それに星井もな、ほんとなら痛みで死んでいたかもしれない。それをお前が抑えたんだ……わかるか?少なくとも僕は亜熊が必要だ」


「っ!そんな……やめて。好きになる……じゃん」


 亜熊を慰めることができた。本心も含んで伝えたこの思いは、僕と亜熊の間に絆のようなものが生まれた気がした。


「!」


 亜熊の懐に持っていた本が光りだした--絆の本が生まれた。


 これは悪魔の時と同じく、魔界人が天界人への転生が可能となる力だった。


「初めてあなたと会った時に買った本……」


 亜熊に生える白い羽、制服がシスターの聖者のようにフードのある恰好となり、彼女もまた天使の力を手に入れた。


「これで、私も戦える!」


「星井を一回僕の家に運ぶぞ。その後にみんなのところ行くぞ」





 一方その頃、叔父と悪魔、そして天使が堕天使を処理を急いでいた。


 何人倒しても増え続ける堕天使、三人ではとても処理が追い付かない--疲労困憊に追われながらも剣を振り回す悪魔。


「はぁ……はぁ……」


 高橋との距離も遠く、天使の力は徐々に薄れて来てしまう。絆の力で生まれたこの力は高橋が近くにいないことにはそう長く扱えるものじゃなかった。


『しっかりして下さい!』


「そういうあんたが一番キツそうね……」


 サタナエルが駆け寄り、膝を着く悪魔を守りながらに全力で魔力を使い尽くす。だが前半の時に既に消費してしまった力のせいで、サタナエルもまた困難になる。

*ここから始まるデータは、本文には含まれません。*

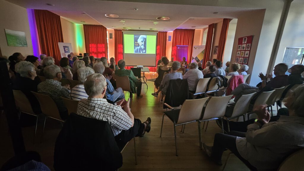 Über 50 Gäste füllten den Schönbornsaal, als Dr. Helmut Luft aus seinem Buch „Jenseits von 90, das Versagen des Körpers und die Reifung der Person im hohen Alter“ las. Die Veranstaltung war Teil der kooperativen Zusammenarbeit von Volksbildungsverein e.V. (VBV) und SeniorenNachbarschaftsHilfe e.V. (SNH), die seit 2024 besteht und sich als Gewinn für Hofheim erwiesen hat.

 叔父も自分の戦闘で手一杯と動けず、このまま皆が全滅しそうとなる。



 その時、空から無数の白い光が辺りを照らすーー堕天使の動きが止まる。


「はぁぁああああ!!!」


 空高く光を放っていたのは亜熊だった。


 その光はどうやら堕天使に効果的のようで、その場の全員の身体が溶け始めていた。


 それを見た叔父が疾風の如く、一人ひとりの心臓をモノの数秒で引き抜き、完全消滅に成功をした。


「はあ……助かった。これで堕天使は消えたか」


『どうやら天使になったのは亜熊さんの方みたいですね。星井さんはどこへ?』


 亜熊が地上に降り、さっきまでの出来事に簡単に説明をした。


「まあそれだけ星井ちゃんの中にいる天使てのはデカイってことか。まあしばらくは仕方ないか」


『しばらく私が面倒見ます。立派な天使にしますよ』


 変なやる気を出すサタナエル、そして次に気になるのが亜熊が天使の力を手に入れたことについて。


「絆の本ね」


『やはり私の仮説に間違いはない。高橋さんにはアダムの素質があるようですね』


「もういいよそれは。それより星井と明が気になるからうちに一回戻ろうぜ?」


「そだな。本の片付け、終わってるといいがな」


 僕と叔父はダルそうに喋りながら一旦店の方へと戻る。


 もちろんみんなも一緒にーーそして、まだ戦いが終わっていないことに気づかされてしまう。


 僕らの罠は太陽で生徒を殺すことでも、たくさんの堕天使で殺されることでもなかった。


 まさか、こんなことになるとはーー誰も気づけなかった。